Boa noite, minha gente maravilhosa 🌙

Hoje trago-vos uma atualização com o coração mais leve. A cirurgia, ao que tudo indica, correu bem… e desta vez até o tempo no recobro foi mais curto do que na semana passada — já é uma pequena vitória, daquelas que nos devolvem um bocadinho de esperança.

Ainda não tenho grandes novidades porque o médico ainda não passou por aqui, mas houve um momento que valeu tudo.

Cheguei ao quarto exatamente ao mesmo tempo que o meu marido… e a minha filha mais velha, que veio de Londres para me ver, para celebrar o aniversário dela e o Dia da Mãe comigo.

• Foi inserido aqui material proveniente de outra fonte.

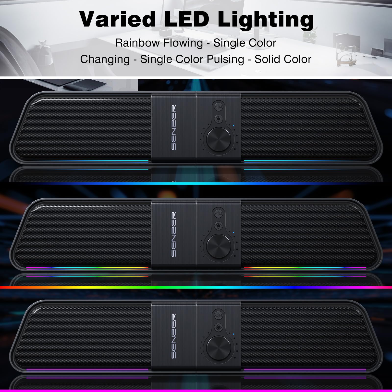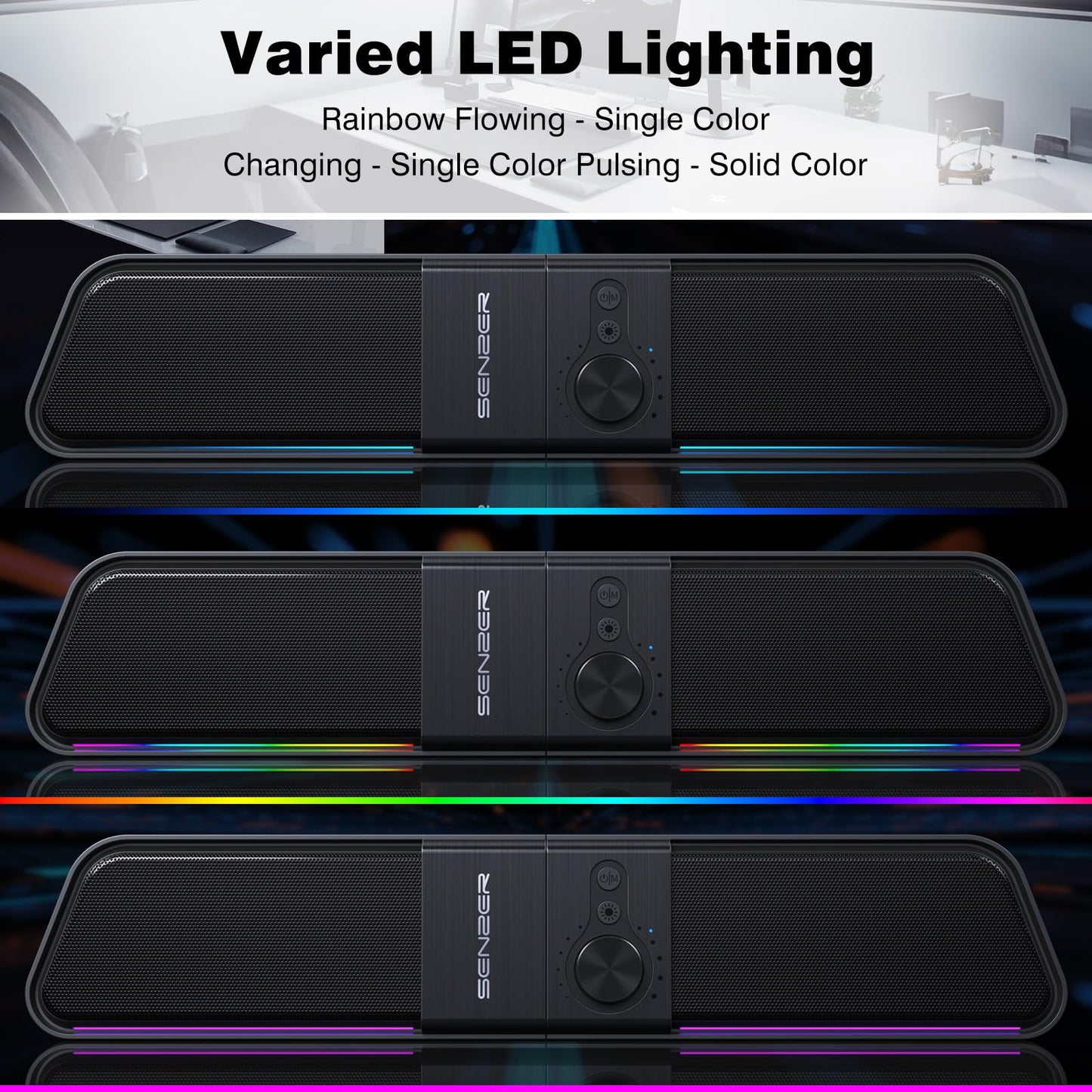 SENZER CS20 PC speakers USB Powered Bluetooth Flowing LED Gaming Soundbar Speaker for Laptop Desktop Monitor (Not 3.5mm Jack)

Não vos consigo explicar a emoção. Foi daquelas que nos enche por dentro e nos lembra porque é que vale a pena continuar a lutar. Foi mesmo a cereja no topo do bolo que eu precisava para ganhar forças 💛

Hoje sinto-me grata. Muito grata.

Grata pela minha família, pelo cuidado que tenho recebido aqui, e por vocês… que, desse lado, não me largam um segundo. Cada mensagem, cada palavra, cada mimo — chega cá e faz diferença.

E sim… ainda há quem diga mal do nosso SNS. Eu só vos digo: vamos cuidar dele. Porque, com todas as falhas, também é aqui que encontramos pessoas que fazem muito mais do que o possível.

Agora vou descansar um bocadinho… e assim que tiver novidades, venho contar-vos tudo.